Title Our TV is a carton!
Country Malawi
Organization Malawi Institute of Education (MIE)

In a remote part of Malawi children in a school are seated under a tree. The teachers are facing with lack of teaching resources; hence they are being innovative and using locally available materials to bridge the gap. For instance, a teacher utilizes a used carton, and creates a look-alike TV set with it. Colorful illustration on the front side of the box is shown as if it is on a TV screen. Children here have never been even close to a real TV set. This kind of innovative method of teaching is known as Talular (Teaching and Learning Using locally Available Resources.) Other materials can be bottle tops, cardboards, matchboxes, roots, leafs and whatever you can think of. This program is to motivate teachers to be more interesting in their instructional methods. Through interviews of four model teachers, we learn of their frustrations at having no teaching and learning resources. The program also uses vivid facial expressions of the children being benefited by the innovative teachers.

My proposal, Our TV is a carton! was inspired by words of a child I met in a school in Malawi when I was filming another educational film. When the child saw himself on my camera’s viewfinder, he commented, “We also have a TV,” then went ahead to retrieve a carton. At this time I had noticed the hardships that learners and teachers faced due to lack of learning and teaching resources.
I also met the teacher who had improvised the carton as a "TV." This teacher really inspired me because he had not given up but was utilizing all types of resources.
The resilience and determination of the teachers and the reactions of their learners are the centerpiece of my documentary. As Ralph Waldo Emerson, poet and essayist, once said, one should not go where the path may lead, but instead go where there is no path and leave a trail – this is what these teachers are doing.

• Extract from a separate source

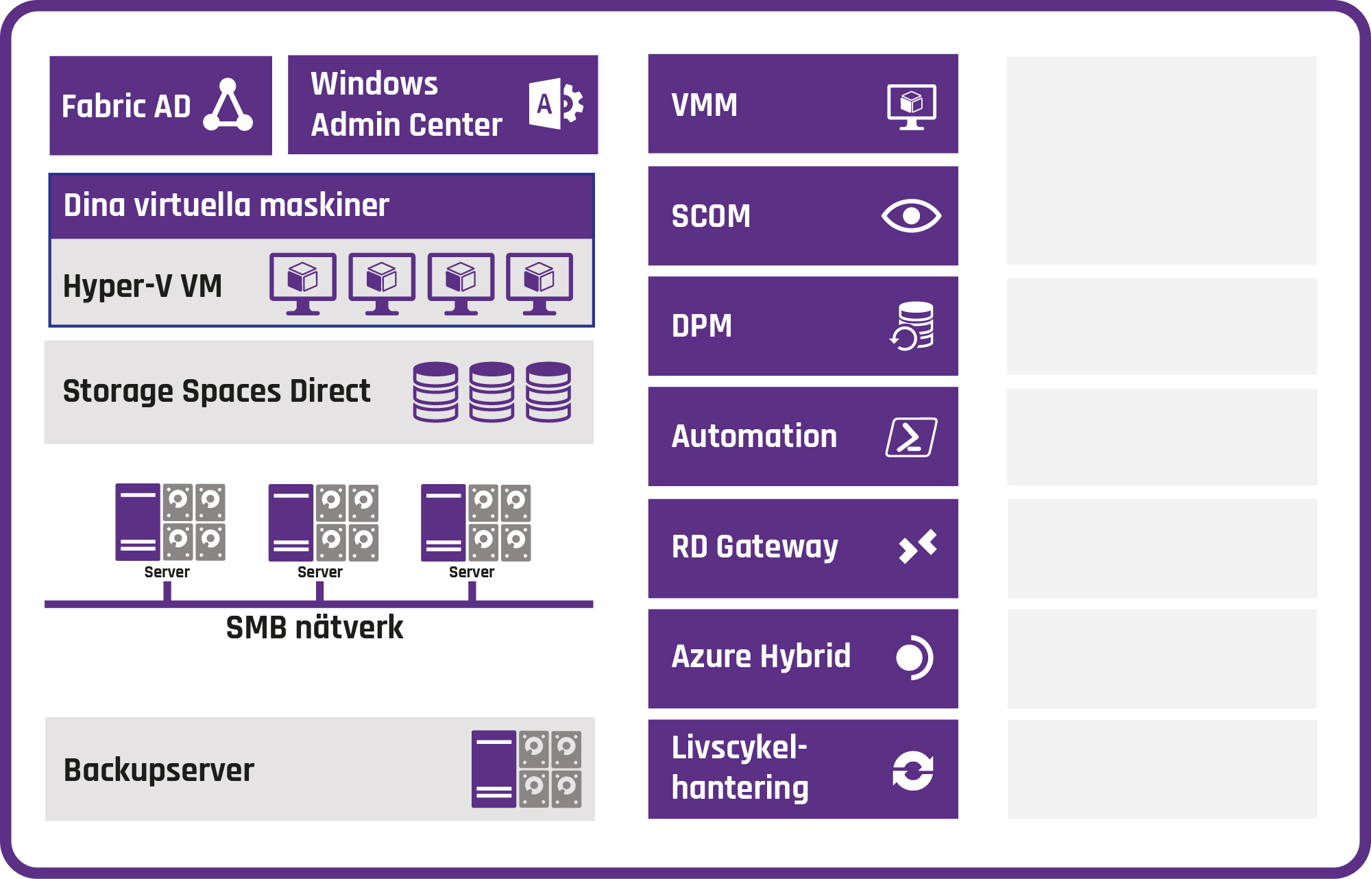 - Enkel hantering. Vi lägger till verktyg för att hantera virtuella maskiner, övervakning, patchning och backup till din HCI.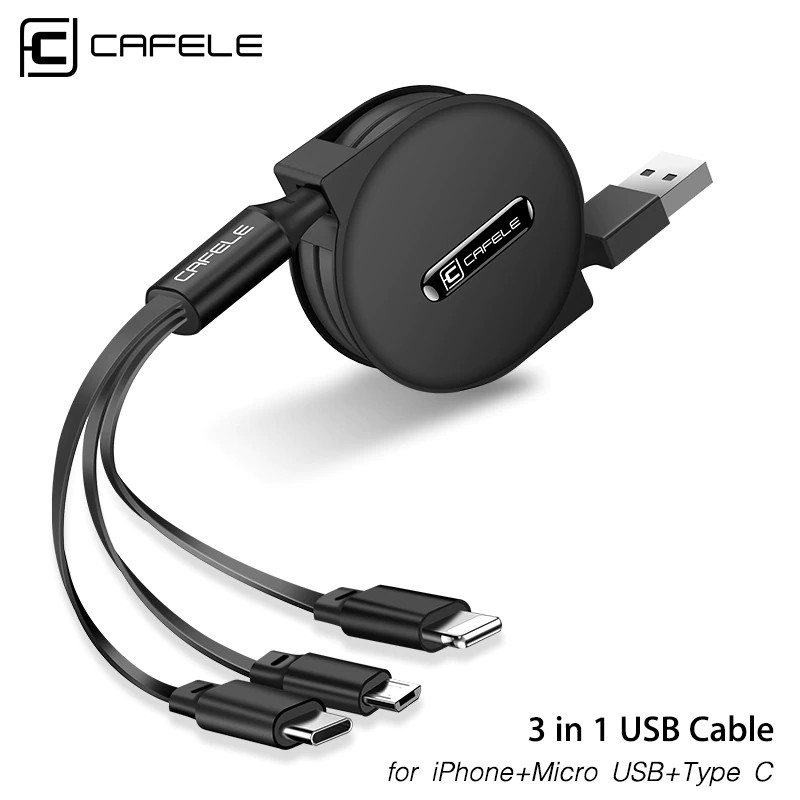 Branded Cafele 3 In 1 Retractable Usb Cable For Iphone Micro Usb Type C Flat Cable Fast Charging Shopee Indonesia

I want to show how the efforts of the brave teachers are translating into meaningful education for their learners. My film is about hope, not hopelessness, even in the face of major challenges.

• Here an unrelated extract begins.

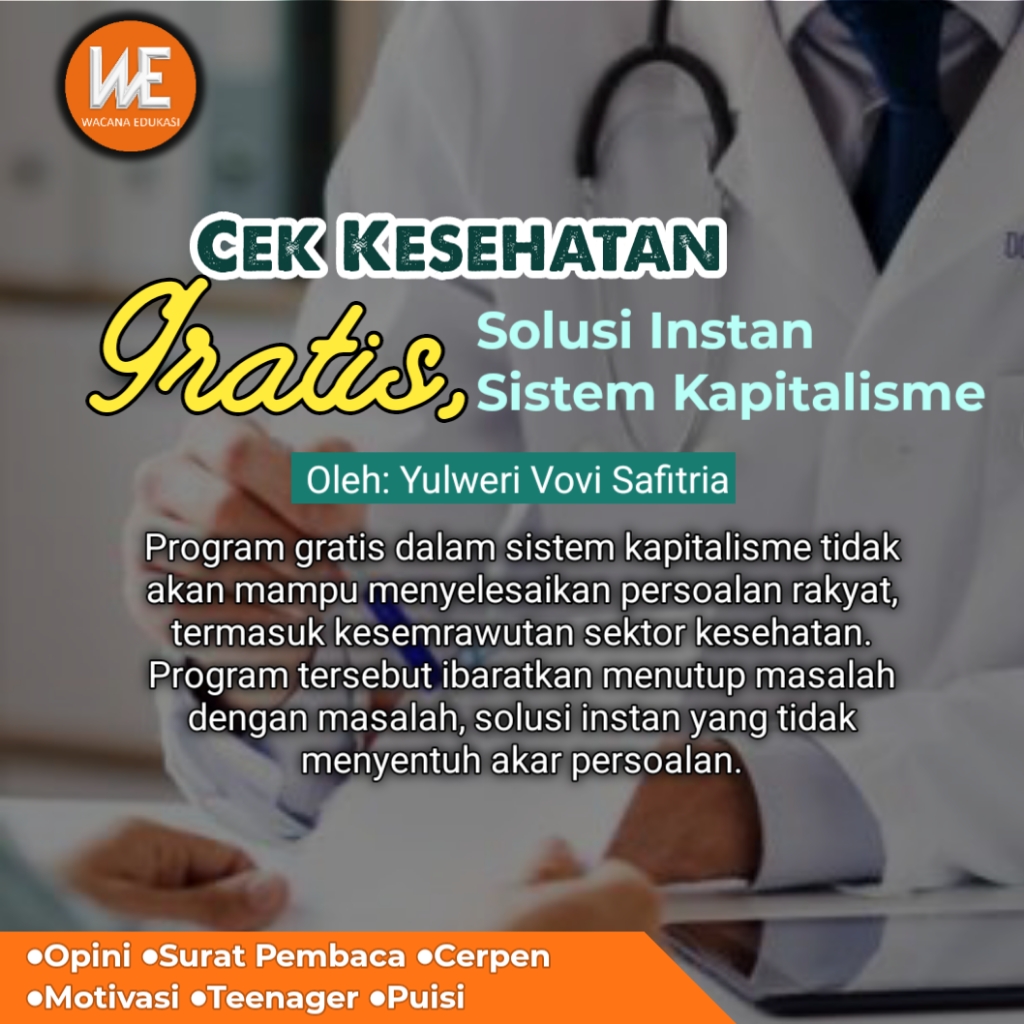 Program gratis dalam sistem kapitalisme tidak akan mampu menyelesaikan persoalan rakyat, termasuk kesemrawutan sektor kesehatan. Program tersebut ibaratkan menutup masalah dengan masalah, solusi instan yang tidak menyentuh akar persoalan.

I am grateful to the JAPAN PRIZE, NHK, and the Hoso Bunka Foundation which are making this documentary a reality.
(Caleb Muchungu)

The jurors unanimously agreed to award the Hoso Bunka Foundation Prize to Our TV is a carton! because of its clear educational goals and target audience. It is an inspirational program that shows resourceful teachers and their way of coping with the lack of educational infrastructure and teaching materials in Malawi. This proposal, a positive story of African people, challenges the stereotypical image of a people who, lacking initiative, simply ask for handouts. It is a creative and innovative approach that has the potential to inspire teachers regionally and globally.